Directions →
Make an exact copy, from the records below, of the lines from the line containing "La presidenta municipal" to the line containing "Die Seitenleiste des", both lines included, excluding pictures.

[Input data]

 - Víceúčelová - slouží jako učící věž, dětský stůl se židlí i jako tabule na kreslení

[/Input data]
[Input data]

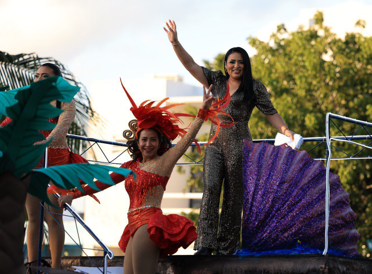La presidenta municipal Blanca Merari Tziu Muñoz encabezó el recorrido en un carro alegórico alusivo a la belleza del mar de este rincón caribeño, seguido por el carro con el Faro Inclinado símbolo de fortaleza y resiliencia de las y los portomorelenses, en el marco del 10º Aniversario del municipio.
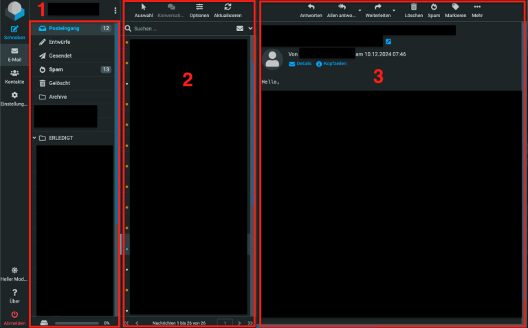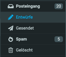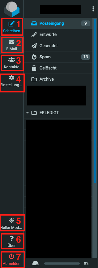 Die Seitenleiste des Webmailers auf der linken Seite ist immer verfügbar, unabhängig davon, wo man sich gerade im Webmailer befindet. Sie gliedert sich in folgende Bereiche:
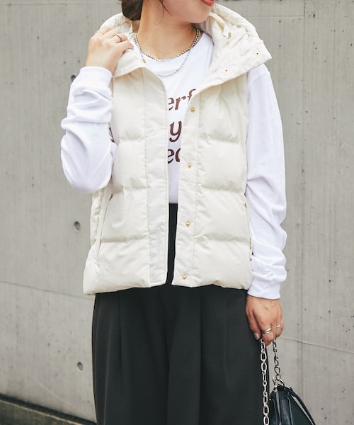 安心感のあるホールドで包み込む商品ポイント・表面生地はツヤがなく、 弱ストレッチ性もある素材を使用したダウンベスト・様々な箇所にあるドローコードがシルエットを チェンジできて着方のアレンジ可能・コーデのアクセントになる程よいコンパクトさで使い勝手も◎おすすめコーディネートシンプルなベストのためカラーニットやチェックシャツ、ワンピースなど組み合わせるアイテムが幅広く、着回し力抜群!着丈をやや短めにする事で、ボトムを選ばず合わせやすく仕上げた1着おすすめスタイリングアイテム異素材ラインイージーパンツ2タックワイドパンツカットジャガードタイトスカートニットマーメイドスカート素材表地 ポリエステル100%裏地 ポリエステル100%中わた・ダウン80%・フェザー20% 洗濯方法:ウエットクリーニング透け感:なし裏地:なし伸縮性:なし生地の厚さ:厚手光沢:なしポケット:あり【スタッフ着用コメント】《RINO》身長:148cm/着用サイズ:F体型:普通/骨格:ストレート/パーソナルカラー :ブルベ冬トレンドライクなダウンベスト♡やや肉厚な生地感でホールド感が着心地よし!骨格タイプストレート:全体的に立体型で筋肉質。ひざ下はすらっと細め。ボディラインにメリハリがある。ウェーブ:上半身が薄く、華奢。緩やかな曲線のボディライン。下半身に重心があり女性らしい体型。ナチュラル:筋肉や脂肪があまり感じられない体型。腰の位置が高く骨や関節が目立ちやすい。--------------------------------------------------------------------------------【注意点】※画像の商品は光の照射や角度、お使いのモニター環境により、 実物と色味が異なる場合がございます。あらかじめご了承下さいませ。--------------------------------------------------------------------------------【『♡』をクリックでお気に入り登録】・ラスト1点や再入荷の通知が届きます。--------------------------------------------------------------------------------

[/Input data]

Expected answer →
La presidenta municipal Blanca Merari Tziu Muñoz encabezó el recorrido en un carro alegórico alusivo a la belleza del mar de este rincón caribeño, seguido por el carro con el Faro Inclinado símbolo de fortaleza y resiliencia de las y los portomorelenses, en el marco del 10º Aniversario del municipio.
 Die Seitenleiste des Webmailers auf der linken Seite ist immer verfügbar, unabhängig davon, wo man sich gerade im Webmailer befindet. Sie gliedert sich in folgende Bereiche:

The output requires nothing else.